Per Bellieni «bisogna star attenti ad un dato di fatto: queste sostanze hanno effetti “piacevoli” (e qui le virgolette sono d’obbligo), ma anche dei gravi rischi per la salute; per questo se ne sconsiglia – e se ne proibisce – l’uso. Bisogna anche notare che, nel caso dei funghi allucinogeni, così come nel caso della marijuana, quello che potrebbe essere utilizzato farmacologicamente non è “il fungo” o “lo spinello”, ma un principio attivo accuratamente dosato e purificato, perché “il fungo” e “lo spinello” non sono farmaci, non sono dosabili e insieme ad un principio potenzialmente utile introducono nell’organismo altre sostanze incontrollabili».

NON “APPESANTIRE” IL PAZIENTE

C’è da dire, prosegue l’esperto, «che queste comunque sono ancora delle ipotesi primo perché attendono ancora studi che le confermino, secondo perché esistono già buoni farmaci antidolore, e antiansia e invece di cercare ritrovati esotici sarebbe bene utilizzare davvero per i malati quei farmaci noti ed efficaci che già poco si usano purtroppo per tutti.

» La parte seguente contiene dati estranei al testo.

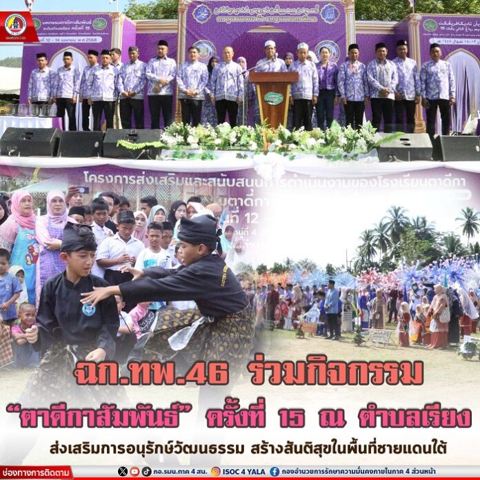 เมื่อวันที่ 12 เมษายน 2568 เวลา 09.00 น. พันเอกสิทธิชัย บำรุงเขต ผู้บังคับหน่วยเฉพาะกิจกรมทหารพรานที่ 46 พร้อมด้วย ร้อยเอกพัฒนาวุฒิ สังข์สุวรรณ หัวหน้าฝ่ายกิจการพลเรือน หน่วยเฉพาะกิจกรมทหารพรานที่ 46 ผู้บังคับกองร้อยทหารพรานที่ 4602 และชุดปฏิบัติการกิจการพลเรือน ร่วมพิธีเปิดกิจกรรม “ตาดีกาสัมพันธ์” ตำบลเรียง ครั้งที่ 15 ประจำปี 2568 ณ สนามกีฬาบ้านซือเลาะ หมู่ที่ 4 ตำบลเรียง อำเภอรือเสาะ จังหวัดนราธิวาส โดยมีนายนิซายาดีย์ หลีตอสัน ผู้อำนวยการสำนักงานการศึกษาเอกชนอำเภอรือเสาะ ให้เกียรติเป็นประธานในพิธี

Questo non toglie che, se studi clinici mostrassero la efficacia di questi principi attivi senza appesantire il paziente di effetti collaterali, non ci sarebbe motivo di non usarli: in fondo la morfina può essere usata come droga, ma è anche un ottimo farmaco che i medici si impegnano ad usare al meglio. Certo, bisogna vedere qual è l’intento, ma quello dei medici è solo di curare».

SOSTANZE CHE VANNO DEPURATE

Dietro l’angolo, avverte Bellieni, sta «l’agguato», cioè «la falsa equazione che siccome uno dei cento componenti di una cosa fa forse bene, allora la cosa stessa fa bene». Invece no: «funghi e spinelli – evidenzia – non fanno bene e non curano niente. Il tentativo di far passare questa falsa equazione è diffuso, ma bisogna sempre far presente che in primo luogo il loro utilizzo medico è ancora da dimostrare, secondo che solo la sostanza presa in giuste dosi è forse utile e terzo che non è “lo sballo” a far star bene, ma – ripeto – la singola sostanza depurata e dosata che potrebbe avere effetti neurologici utili».

LA PROVA DEI FATTI

Per questo, conclude il neonatologo, «bisogna avere molta cautela sia nel non far passare idee sbagliate sulla bontà delle droghe, sia nel non demonizzare i principi attivi quando derivino da una pianta o da un processo chimico che qualcuno usa per fini negativi e illegali: li aspettiamo alla prova dei fatti, quando usciranno studi convincenti».